It’s hard for the City of San Francisco to get a fair shake these days, either in the media or among the general American public. Its image precedes its reality. And that image, as we who live here know all too well, is misleading.
San Francisco has its share of unusual people — “fruits and nuts” used to be the customary appellation. New York and Boston have plenty of eccentrics of their own, but they appear on the city’s stage as sweet “characters,” not weirdos. And the oddballs who wander around Capitol Hill in Washington somehow acquire an aura of normality.
Despite their economic prowess, despite their technological know-how, despite their political leadership, the people of San Francisco are usually depicted as grown-up flower children, singing “Kumbaya” and naively sticking daisies into rifles. Images of the Summer of Love die hard.
You can blame it on the hippies. But I blame it on Saint Francis.
Much of Saint Francis’s fame today rests on his sweet interaction with members of the animal world. It was Francis who preached to the birds, who eagerly listened to his sermons.

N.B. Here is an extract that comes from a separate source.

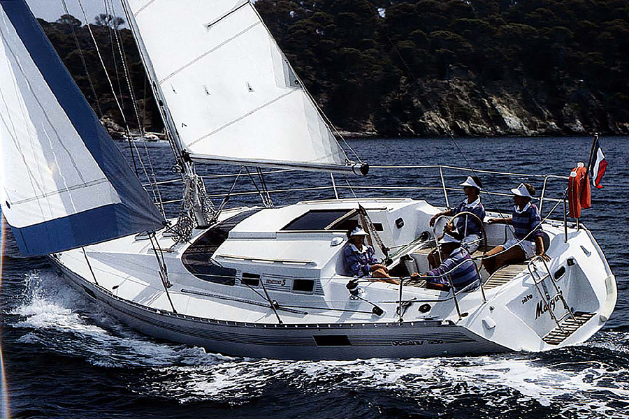 Behind this pure cruising boat, which has become iconic for its unconventional windowed deckhouse design, is a visionary designer, Philippe Briand. A 10-meter with extraordinary production longevity, from 1986 to 1993. Revolutionary design.
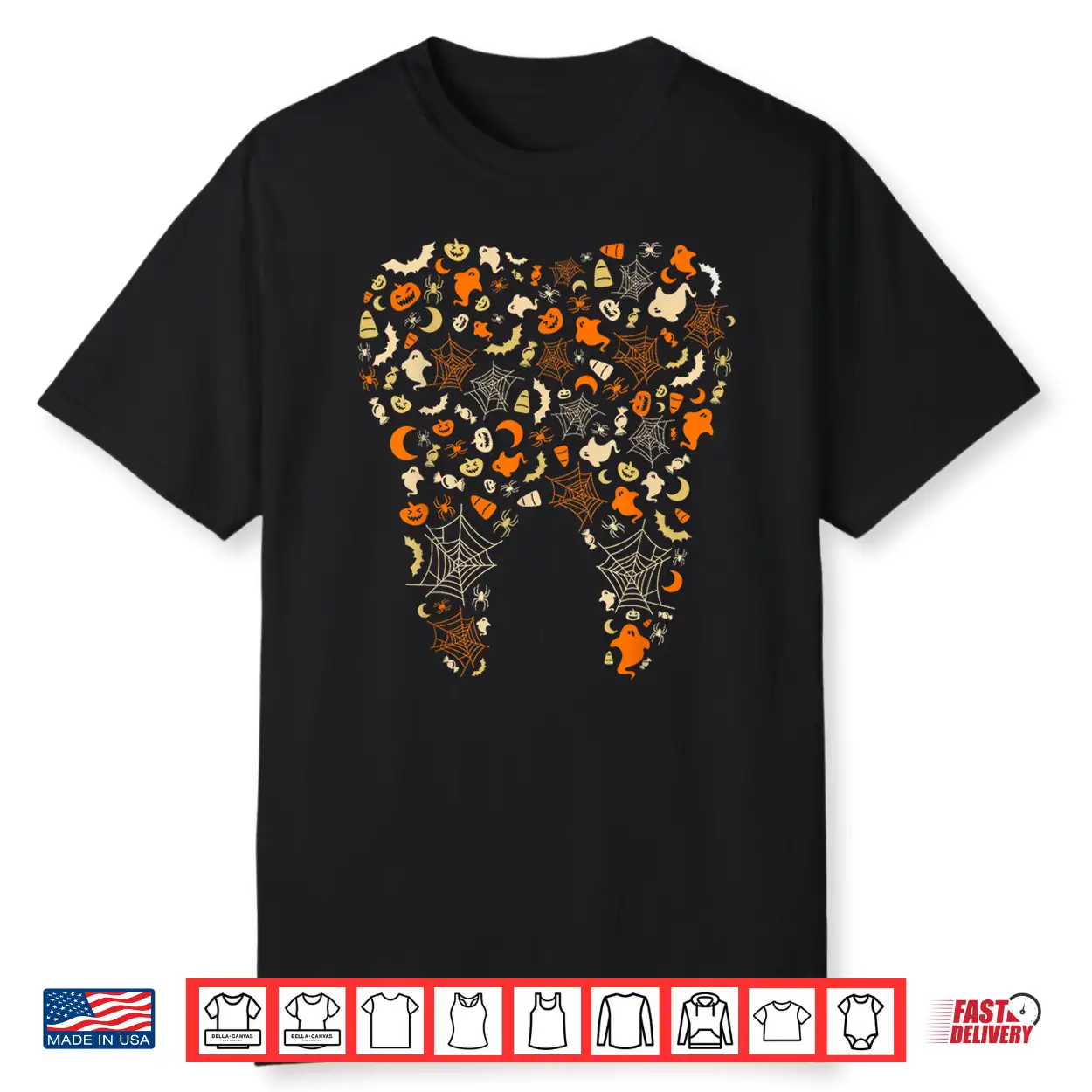 Ghosts & Pumpkins Spider Webs Tooth Dental Squad Halloween Shirt

It was Francis who concluded a pact between local dogs and a hungry wolf, so that the wolf was pacified and no one in his town was hurt.
Yet this was the Catholic friar who founded one of the most powerful religious organizations in the world. Imagine that the Dalai Lama had created a cadre of sub-lamas who fanned out over the globe, forming a vastly influential economic and cultural network. And then imagine that the world still insisted on regarding the Dalai Lama as an avatar of peace and harmony. The thought turns the mind topsy turvy.
So why do we continue to allow the distorted reputation of Saint Francis to cloud the image of San Francisco? It’s time for a new patron saint. And I have one in mind.
Let me describe him to you:
[His] jaw was long and bony, his chin a jutting v under the more flexible v of his mouth. His nostrils curved back to make another, smaller, v. His yellow-grey eyes were horizontal. The v motif was picked up again by thickish brows rising outward from twin creases above a hooked nose, and his pale brown hair grew down — from high flat temples — in a point on his forehead. He looked rather pleasantly like a blond Satan.
A blond Satan. Or perhaps a something more worldly:
The looseness of his lower lip and the droop of his upper eyelids combined with the v’s in his face to make his grin lewd as a satyr’s.
Recognize him? Meet Sam Spade. Amazing — he doesn’t look a thing like Humphrey Bogart.
But Dashiell Hammett’s private detective taught Bogie a thing or two. When necessary, he could adopt an air of zen-like detachment:
Spade, propped on an elbow on the sofa, looked at and listened… impartially. In the comfortable slackness of his body, in the easy stillness of his features, there was no indication of either curiosity or impatience.
That’s on good days. On bad ones, he became an avenging angel:
Blood streaked Spade’s eyeballs now and his long-held smile had become a frightful grimace. He cleared his throat huskily…. He no longer either smiled or grimaced. His wet yellow face was set hard and deeply lined. His eyes burned madly.
Sam Spade also had an image problem. But it was the opposite of Saint Francis’s. It was intentional.
“Don’t be too sure I’m as crooked as I’m supposed to be,” he said. “That kind of reputation might be good business — bringing in high-priced jobs and making it easier to deal with the enemy.”
Sounds a little like Rick Blaine, discussing his dealings with the Nazis in Casablanca.
In other words, Spade taught Bogart everything he knew.
He could teach the rest of the world a few things as well. About loyalty. About a hard-headed sense of reality. About standing up for what’s right.
And about having fun.
When you get right down to it, Spade is far better qualified to be our patron saint than any old Italian guy. And when the chips are down, he would take the job very seriously, because he was familiar with this city from top to bottom.
Spade’s eyes had lost their warmth. His face was dull and lumpy. “I know what I’m talking about,” he said in a low, consciously patient, tone. “This is my city and my game.”
Wouldn’t you want him on your side? I would.
Dashiell Hammett set the standard for modern crime fiction when he introduced Sam Spade in The Maltese Falcon (Knopf, 1929). On May 4, the Chronicle ran a piece by Eddie Muller on San Francisco mystery writers. This posting is the
third in an occasional series on the authors that Muller discusses.
Thanks for reading. I’m outta here till Friday.